The charged drum surface is exposed to a laser beam (image
information lighting beam) L which is produced from a laser scanner
3 and is modulated in accordance with time series electric digital
picture element signals representing the image to be recorded. By
doing so, the potential of the drum is attenuated at the position
exposed to the laser beam, so that an electrostatic latent image of
the desired image is formed.
Subsequently, the latent image formed surface of the drum is
supplied with toner negatively charged (the same polarity as the
latent image) by the developing device 4, so that the latent image
is developed through a reverse-development process.
On the other hand, a transfer material (recording material) such as
a sheet of plain paper or the like is supplied from an unshown
sheet feeding station, and is supplied by a pair of registration
rollers 8 and 9 through guiding plates 6 and 7 to a transfer
position N constituted by a nip formed between the drum 1 and the
transfer member in the form of a rotatable transfer roller 5.
At the instant when the leading edge of the transfer material 10
from the sheet feeding station reaches the nip between the rollers
8 and 9, the registration rollers 8 and 9 are at rest to simply
receive the leading edge of the transfer material 10, so that
oblique feeding of the transfer material is prevented, and that the
registration position is regulated.
In timed relation with the image on the rotating drum 1, the
rotatable motion of the registration rollers 8 and 9 is started, by
which the leading edge of the transfer material 10 reaches the
transfer position N when the leading edge of the image formation
region on the drum 1 reaches the transfer position N, along the
guiding plates 6 and 7.
When the transfer material 10 exists at the transfer position, that
is, the transfer nip formed between the drum 1 and the transfer
roller 5, the transfer roller 5 is supplied with an image transfer
bias of the positive polarity (the polarity opposite from the
charge polarity of the toner) from a voltage source 11 controlled
by a control system comprising CPU 13, I/O 12, bus line 14 or the
like. By the electric field provide by the applied bias and the
urging force to the transfer material 10 to the drum 1 surface by
the transfer roller 5, the toner image is sequentially transferred
from the drum 1 to the surface of the transfer material 10 supplied
to the transfer position L.
The transfer material 10 having passed through the transfer nip N
is separated from the drum surface 1, and is conveyed to an unshown
image fixing device where the transferred toner image is fixed on
the transfer material 10.
The surface of the drum 1 after the separation of the transfer
material therefrom, is cleaned by a cleaning device 15, so that
residual material such as residual toner or the like is removed so
as to be prepared for the next image forming operation.
FIG. 1 shows an enlarged view of a major part adjacent the transfer
device of a laser beam printer shown in FIG. 2.
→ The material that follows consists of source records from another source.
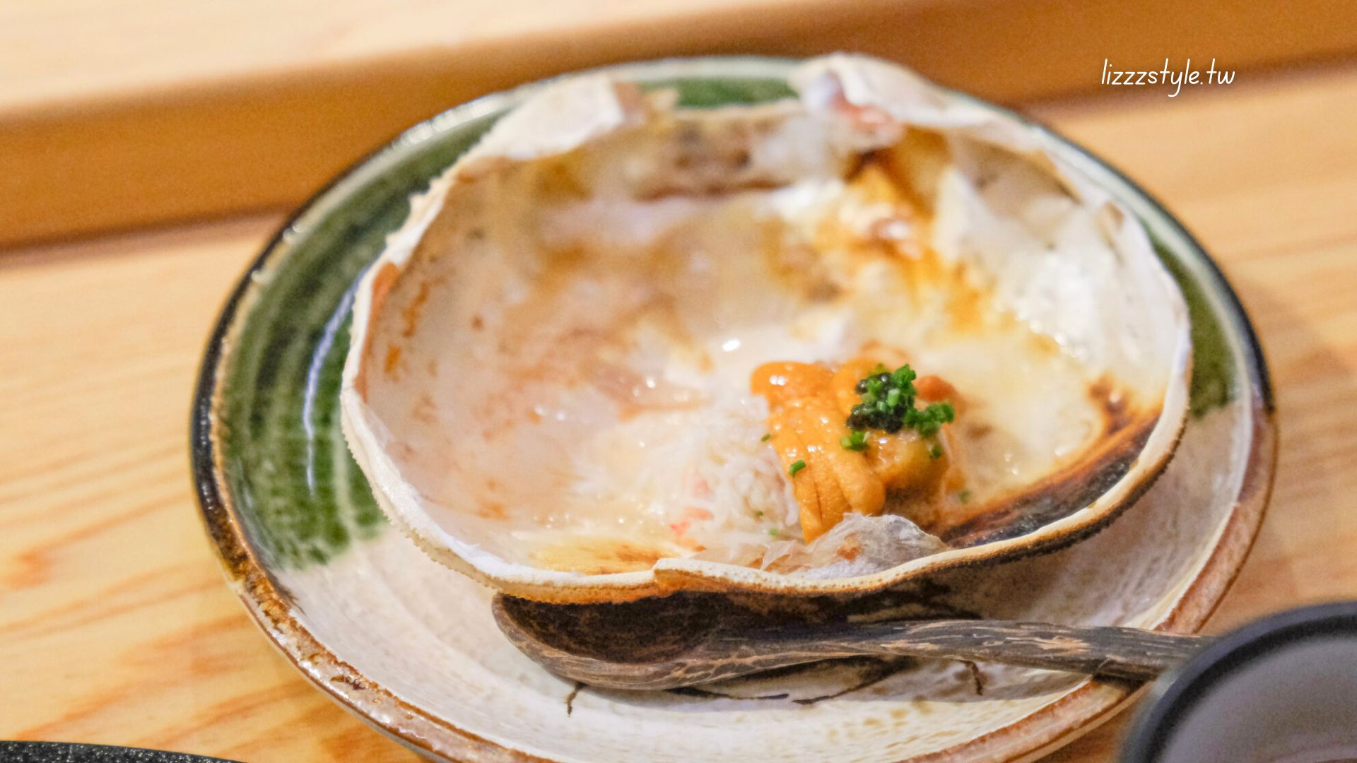 蟹肉海膽甲殼燒這一道以松茸熬煮的高湯作為基底,使高湯帶有一股獨特的清香。甲殼上放上蟹肉和大量的新鮮海膽一同完美融合,蟹肉的鮮甜和高湯的溫潤層層交織,呈現出富有層次的濃厚感。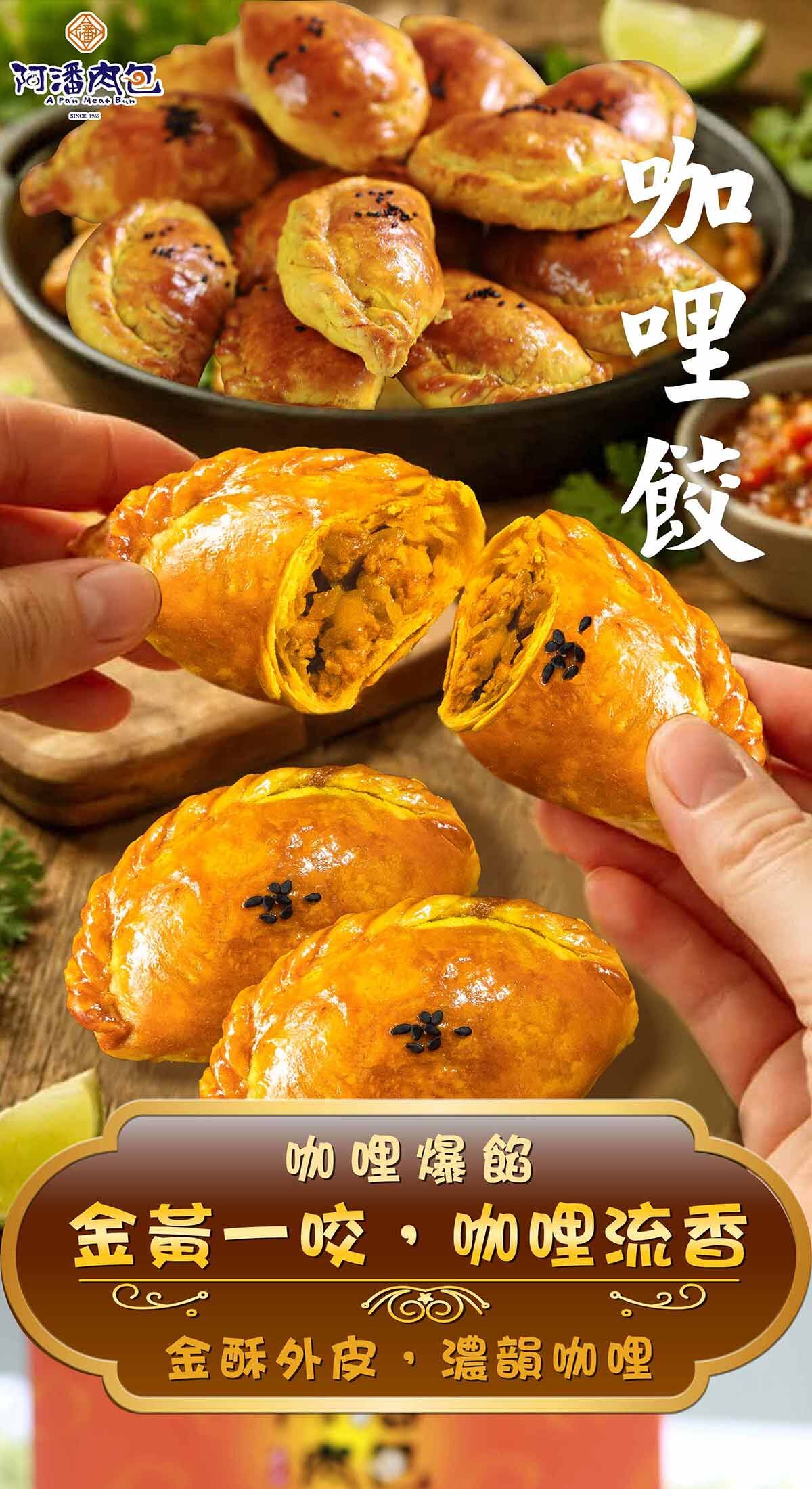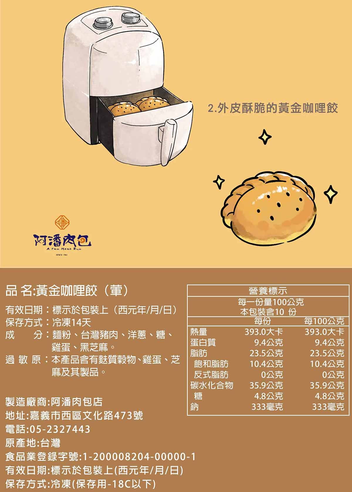 成份:麵粉、豬後腿肉(台灣)、咖哩粉、洋蔥、砂糖、雞蛋、黑芝麻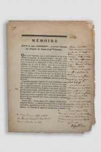 Rare note autobiographique concernant des faits mal connus de la vie du jeune Étienne Geoffroy Saint-Hilaire.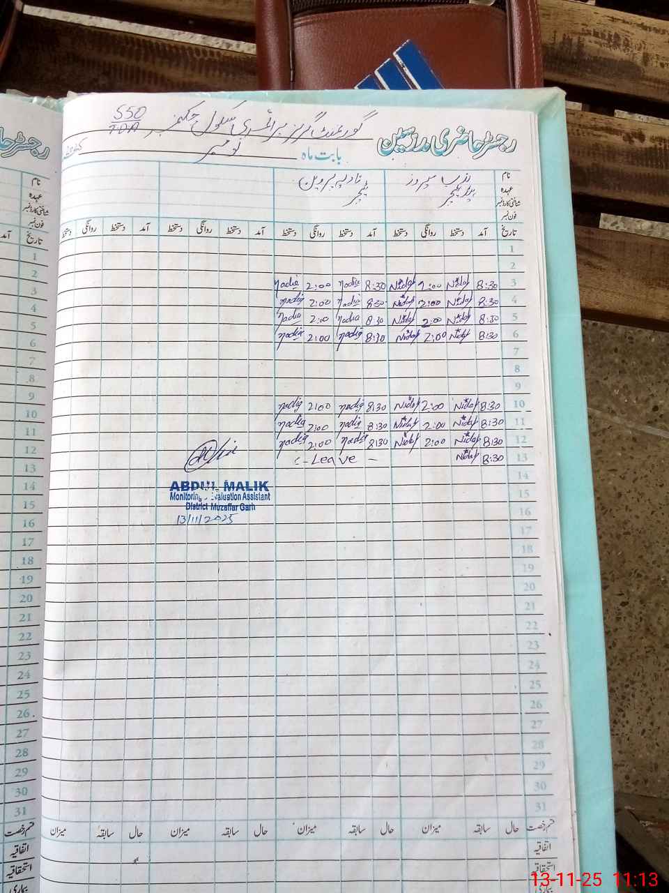 | CNIC | Full Name | Designation | R/C | Absence During Last Calender Month |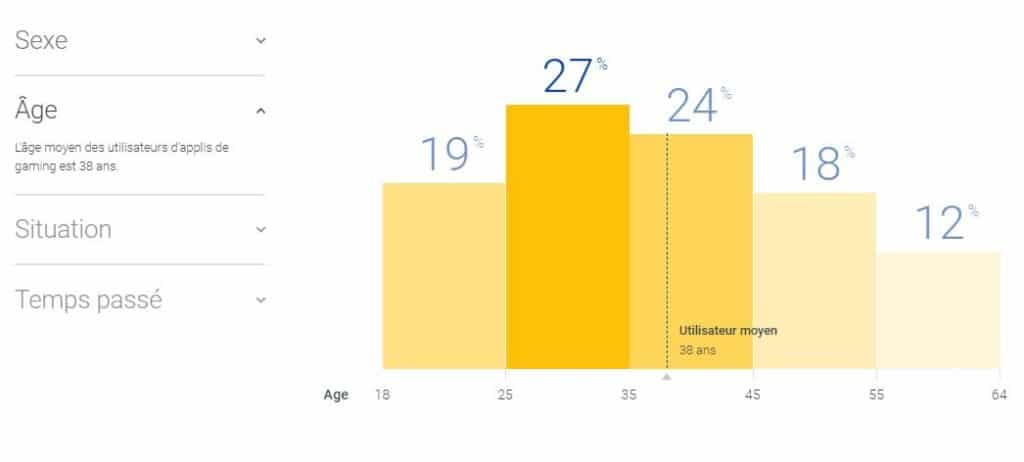 Les utilisateurs d’applications de gaming ont une moyenne d’âge de 38 ans. Ce sont les 25-34 ans qui utilisent le plus ce genre d’applications au quotidien (27%). Au contraire, ce sont les 55-64 ans qui utilisent le moins les applications de gaming (12%).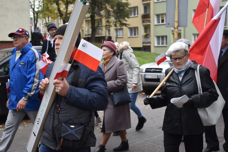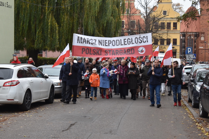 Z placu przed ratuszem wyruszył marsz patriotyczny, którego głównym organizatorem było stowarzyszenie Polski Klub Patriotyczny w Stargardzie. Do udziału w nim nawoływał przez mikrofon przewodniczący Krzysztof Sosin. Ale stargardzianie stojący w kolejce po grochówkę byli niewzruszeni. W marszu wzięło udział kilkadziesiąt osób związanych m.in. ze stowarzyszeniem i Klubem Konfederacja Stargard, a także mieszkańcy. Uczestnicy marszu z flagami i transparentami wyruszyli trasą wiodącą do pomnika Jana Pawła II, przystając po drodze przy pomnikach smoleńskim i Ofiar Sybiru i Katynia.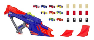 This Nerf gun doesn’t shoot darts, but cars! Your kids can make the cars do some fun tricks when it shoots out of the rapid-blasting Nerf gun. They can set up targets and obstacles for the cars to demolish. This set includes a blaster, 9 foam cars with plastic wheels, 12 obstacles, high-jump ramp and a long-jump ramp.

The transfer roller (rotatable transfer member) 5 in this
embodiment comprises a core metal 5a having a diameter of 8 mm and
a concentric rubber roller portion 5b so as to provide an outer
diameter of 21 mm. It is formed through metal molding or the
like.
The rubber roller portion 5b is of foamed (sponge) EPDM
(tercopolymer of ethylene-propylenediene). Zinc oxide, carbon or
the like is mixed as electrically conductive material. The
resistance of the nip N formed between the image bearing member and
the transfer roller 5 is 5.times.10.sup.8 ohm. The cell diameter of
the foamed EPDM is 0.1-0.4 mm approximately. The rubber hardness of
the rubber roller portion 5b is 30 degrees (Asker C).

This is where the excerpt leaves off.